Analyst firm Gartner says sales of Chromebooks will triple in three years, to reach 14.4 million units in 2017.
The prediction comes in the Gartner report "Competitive Landscape: Chromebooks, Worldwide", which also stated that last year saw 5.2 million Chromebooks sold worldwide,
"Samsung was the dominant vendor of Chromebooks in 2013, with 64.9 percent share of the global market," said a Gartner spokesperson. The share translates to 1.7 million units.
The current demand is driven mainly by the education sector, with 85 percent of the 2013 units going to that industry. The report reasons that this leaves the business sector as an untapped market that could trigger the rise of Chromebooks in the coming years.
[Vox pop: Are Chromebooks ready for the enterprise?]

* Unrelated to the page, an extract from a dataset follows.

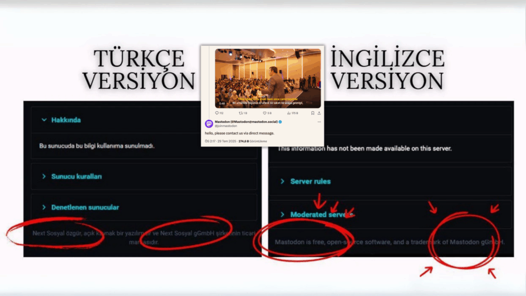 Platformun Türkçe versiyonunda Mastodon’a herhangi bir atıf yokken, İngilizce sürümünde Mastodon altyapısı kullanıldığı belirtiliyor.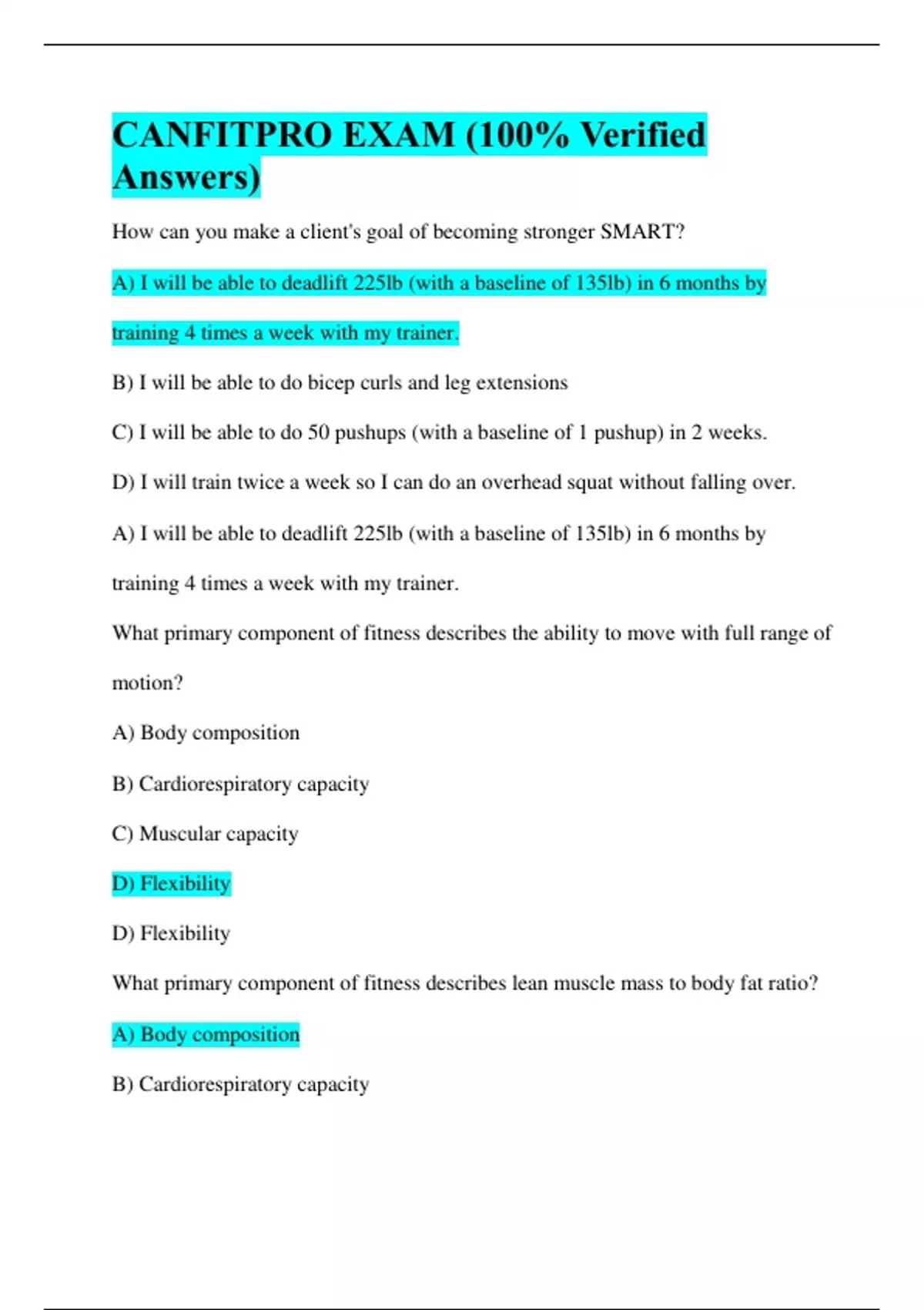 CANFITPRO EXAM (100% Verified Answers) How can you make a client's goal of becoming stronger SMART? A) I will be able to deadlift 225lb (with a baseline of 135lb) in 6 months by training 4 times a week with my trainer. B) I will be able to do bicep curls and leg extensions C) I will be able to do 50 pushups (with a baseline of 1 pushup) in 2 weeks. D) I will train twice a week so I can do an overhead squat without falling over. A) I will be able to deadlift 225lb (with a baseline of 135lb) in 6 months by training 4 times a week with my trainer. What primary component of fitness describes the ability to move with full range of motion? A) Body composition B) Cardiorespiratory capacity C) Muscular capacity D) Flexibility D) Flexibility What primary component of fitness describes lean muscle mass to body fat ratio? A) Body composition B) Cardiorespiratory capacity C) Muscular capacity D) Flexibility A) Body composition What are SMART goals? A) Specific, measurable, attainable/action, realistic, time sensitive B) Specific e.g, I want to be more fit — what does that mean? Measurable; objective units. e.g, I want to be more fit — how much weight do you want to lose? Attainable; frequency. e.g., do you have the time and resources to do it? Realistic e.g., losing 50 pounds in one month is not realistic Time Sensitive e.g., having a 'due date' (e.g., by Jan. 1, 2019) What are the primary components of fitness? A) Cardiorespiratory capacity, muscular capacity, flexibility, body composition B) Body fat percentage, lean muscle mass, nutritional intake, intensity of workouts C) Frequency, intensity, time, type D) Heart rate, blood pressure, strength, flexibility A) Cardiorespiratory capacity, muscular capacity, flexibility, body composition What are the six fundamental movements? 1. Push 2. Pull 3. Bend 4. Rotation 5. Squat 6. Lunge Which of the following is the easiest variation for resistive exercise equipment? A) Bodyweight B) Gravity-assisted devices C) TRX suspension trainers D) Dumbbells B) Gravity-assisted devices Which kind of fundamental movement would a lat pulldown be? A) Push B) Pull C) Rotation D) Bend B) Pull What are the four elements of a strong program design? A) Safe, challenging, effective, sustainable B) Effective, sustainable, enjoyable, efficient C) Safe, efficient, enjoyable, effective D) Effective, challenging, enjoyable, diverse C) Safe, efficient, enjoyable, effective What kind of fundamental movement would a deadlift be? A) Push B) Pull C) Rotation D) Bend (hip hinge) D) Bend (hip hinge) Which kind of fundamental movement would a bench press be? A) Push B) Pull C) Rotation D) Bend (hip hinge) A) Push What kind of fundamental movement would a cable row?

"So far, businesses have looked at Chromebooks, but not bought many," said report author Isabelle Durand, principal analyst at Gartner.
"By adopting Chromebooks and cloud computing, businesses can benefit. They can shift their focus from managing devices to managing something much more important — their data."
A statement from Gartner said that specific users in areas such as "banking, financial services, [real] estate agents and hotel receptionists" could benefit from adopting Chromebooks.

Consumer-focused Samsung and Acer were the first vendors to produce Chromebooks, with Acer's Intel-based budget conscious models taking 21.4 percent of the market last year. The statement said that business-orientated brand HP came in third with 6.8 percent, while Lenovo produced rugged units suitable for younger students to take 6.7 percent.
[Related: Dell stops Chromebook sales, after "better than forecasted" sales]
"Making a competitive Chromebook is not just a matter of hardware and price. What is most important is to show is how the device's cloud-based architecture provides genuine advantages to users," said Durand.
"Now that the PC market is no longer growing strongly, vendors are searching for new business opportunities. They launched Chromebooks to revive interest in sub-$300 portable PCs once the netbook bubble had burst."
Gartner stated that to achieve the predicted growth in the coming years, Chromebook "vendors need to offer better features that address cloud-based usage patterns: faster connectivity, faster memory access, faster and larger solid-state drives, and strong user support in the education, business and consumer segments".